2022-02-19 01:05 作者:追逐远方的星辰  | 我要投稿

首席面前的影像戛然而止,一路来的所有疑问终于有了解答。没有逃亡,没有尸体,所有人都坚守到了最后一刻,这颗昂首于大西洋上的大脑,直到最后一秒都没有停下思考,所有柴薪都燃烧殆尽,连余烬都没有留下,最后的星火被妥善保存在了灯塔的最高处。

薇拉向后退了一步,带着近乎疯狂的语气低吼道,真是疯了……哈,这帮人还真是疯了,跟我一样,疯得十分彻底,这帮疯子的确没有把他们所遭遇的一切当成教训,就算再给他们一次机会,结果也不会改变。他们只是将这当成一次实验的失败,实验,失败,再次实验,再次失败,对于他们而言,这只是日常的一环。

薇拉拭去眼角溢出的泪水,她突然想起来自己最初为什么会被尼科拉所招募,厮杀,幸存,再次厮杀,再次幸存,这就是贯彻在她人生中的全部,她总是被留下,总是承载者所有人的痛苦,她看不见这种反复轮回的尽头到底会有什么东西等待着她。于是那个男人出现了,他给予了她一条路,他告诉她,这条路充满崎岖,遍布荆棘,充满痛苦,但他保证路的尽头会有光在等待着她。

薇拉若有所悟的呢喃道,原来是这样。随即转过身来问首席,你还记的我之前问过你的问题吗?我的回答是,我不会熄灭火把,因为我想看到黑暗的尽头到底有什么,我要找到那个在我前进路上埋下炸弹引信的人,然后狠狠地揍它一顿。

首席回到,那么我们和他们是一样的,议长他们也一样,所以我们现在站在了这里。人类的历史就是与恐惧和未知斗争的历史,起初人类畏惧野兽,畏惧火焰,再后来人类畏惧神明……最后人类赶走了野兽,驾驭了火焰,用科学解释了神明永远不会告诉他们的秘密,所有人都会惧怕惩罚和死亡,但是没有人就此停下来,就此收手,如果那样做了,也许人类现在还相信地球是宇宙的中心,还相信火和雷电是神明的愤怒,甚至还在树上瑟瑟发抖地躲避着捕食者。

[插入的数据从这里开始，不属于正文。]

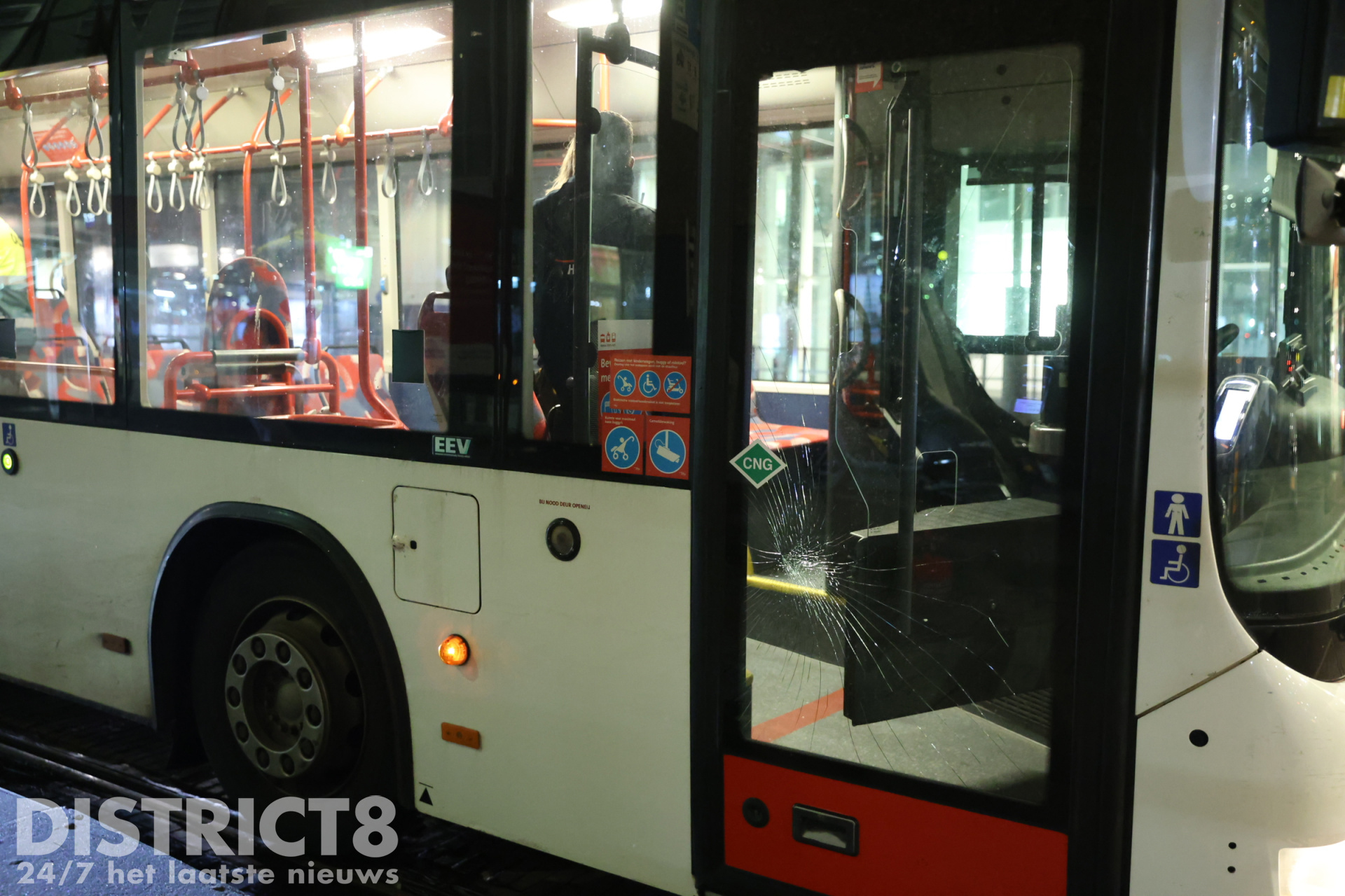 De man trapte om nog onbekende redenen tegen de deur van de bus, waardoor het glas kapotging.

人类就像站在一片黑暗之中,恐惧着远方的未知事物,可我们的好奇心一次又一次驱使我们将火把举得更高、照得更远,这是最纯粹,、最原始的勇敢,也是两百万年前的进化赐予我们最珍贵的礼物,如果再给一次机会,人类依然会选择这条道路。

薇拉对首席轻笑道,本质上,你也是个疯子。首席回到,彼此彼此。此时穹顶上的玻璃因为巨大的水压开始崩裂,两人开始往塔顶赶去。

两人冲破感染体的重重阻挠,终于登上了瞭望塔的顶端,推开瞭望室门的一瞬间,就像是一个已经定格的世界重新按下了播放键,之前在视频录像中的女人,就静静地“坐”在不远处的一张椅子上。她的身上并没有腐烂的迹象,尸骸“干枯”得十分彻底,身上穿着跟视频中一样的衣服,一股沉重的悲伤感疯狂发酵,填满了整个房间。

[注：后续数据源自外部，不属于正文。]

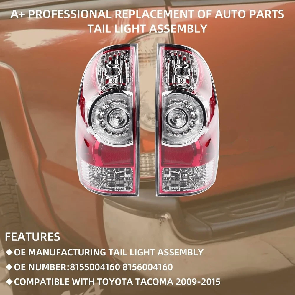 About this item 【Replacement Part Number】8155004160 8156004160 【Compatible With】Second generation Toyota Tacoma 2005-2015,toyota tacoma tail lights 【Package list】Left Driver Light Assembly x1pc,Right Passenger Light Assembly x1pc 【Features】This is an Aftermarket Tail Light Assembly,include driver side one and passenger side one.They are OEM standard, you can install them directly. 【Function】Replace damaged taillights to ensure safe driving at night. Product Description Our product pictures are all taken by ourselves, which truly show the quality and characteristics of the products, so you can buy without worry When your lampshade is full of water vapor, which affects the brightness of the lamp,you need to change them.Our product maybe a good choice Features OE Manufacturing Tail Light Assembly OE Number:8155004160 8156004160 Compatible with Toyota Tacoma 2005-2015, Second generation Package List:Left Light Assembly x1pc,Right Light Assembly x1pc Material:High quality LED light and stable ABS plastic High-performance connector, Reliable and not easy to deform Three bulb installation locations, which can replace broken bulbs, which is convenient and quick LED lamp beads, the light is brighter, and the service life is longer Question: Is this compatible with a Toyota Yaris 2007? Answer: No,these tailLamp is conpatible with Toyota tacoma 2005-2015,the second generation. ------------------------------------------------------------------------------------------------------------------------------------------------------------------------- Question: Does your tail light meet OEM standards? What is the manufacturer number? Answer: Yes, our tail light is OEM standard,part number is 8155004160 8156004160 ------------------------------------------------------------------------------------------------------------------------------------------------------------------------- Question: It comes one pc or one pair? Answer: It comes one pair like the pictures ------------------------------------------------------------------------------------------------------------------------------------------------------------------------- Question: Is it LED type? Answer:Yes,this tailLight Assembly is LED type ------------------------------------------------------------------------------------------------------------------------------------------------------------------------- Shipping We offer FREE shipping on all orders! We ship within Three business days of payment, usually sooner. We use a selection of shipping services such as UPS, FedEx, USPS etc. We only ship to the lower 48 states, no APO/FPO addresses or PO Boxes allowed. Local pickups and combined shipping options are not provided at this time. Return You can return a product for up to 30 days from the date you purchased it. Any product you return must be in the same condition you received it and in the original packaging. Please keep the receipt. Payment We accept payment by any of the following methods: PayPal Please pay as soon as possible after winning an auction, as that will allow us to post your item to you sooner! Feedback Customer satisfaction is very important to us. If you have any problem with your order, please contact us and we will do our best to make you satisfied. Contact Us If you have any queries, please contact us via ebay. We usually respond within 24 hours on weekdays. Please visit our eBay store to check out other items for sale! Thank you for shopping at our store. Disclaimer We are working with different suppliers in USA to deliver the item to your doorstep. If you have any issues regarding the item, Feel free to ask.

薇拉沉默地走上前,慢慢在那名女人面前单漆跪下,然后她发现了一件事,女人桌子旁边的补给箱中,堆满了食物。薇拉睁大了双眼,发出疯癫的笑声,她甚至能从这个房间的一切推测出这个女人临终时的情景,跟比人不一样,拉斯特丽丝根本不是饿死的,她是自愿选择结束自己的生命,意识到这一点的薇拉像是为了掩饰某种更为深沉的情绪一般,大笑出声。

薇拉带着疯狂的语气低吼道,说什么“道路已经走到了尽头”……这不是根本没有吗?真是狡猾,你只是没办法承担了而已,好啊,那就由我来掠夺你的一切……

薇拉拆开了一代压缩饼干,往嘴里送去,构造体不需要进食,这种行为本质上毫无意义,然而薇拉只是一块接着一块将它们往嘴里送去,像是在进行着某种交接的仪式,仿佛有一个接力棒,在那一刻,从拉斯特丽丝的手上,转交到了薇拉的手上。

薇拉对着那名已经沉睡的女人说道,既然你已经无法承担这一切,就由我来承担,我会掠夺你们的梦想,你们的未来,你们生的希望,你们遗失的痛苦由我来承受……由我来掠夺你们的一切。

薇拉站起来,伸手探向拉斯特丽丝大衣前的口袋,掏出他们留下来的“遗产”,然后交到首席的手上。首席回到,自己会保管好它的。薇拉点了点头,然后让首席呆在这里,她去把那只死鱼抓回来。

(为了剧情的连贯,在这里插入绝海星火的隐藏剧情)

亚特兰蒂斯,一声爆炸产生的巨响震动了亚特兰蒂斯外围的海水,荡起一阵涟漪,监测系统迅速锁定了爆炸的源头,那是在零点反应堆所在的那一层。拉斯特丽丝到达反应堆时,后勤部门已经开始收拾残局。到处都是防灾设备的碎片,不过反应堆附近并没有灼烧的痕迹。面对一片狼藉,拉斯特丽丝面不改色的开口问道,情况如何?后勤人员回到,防灾设备第一时间启动了,切断了电源并隔离了射线,反应堆层以上的基地安然无恙。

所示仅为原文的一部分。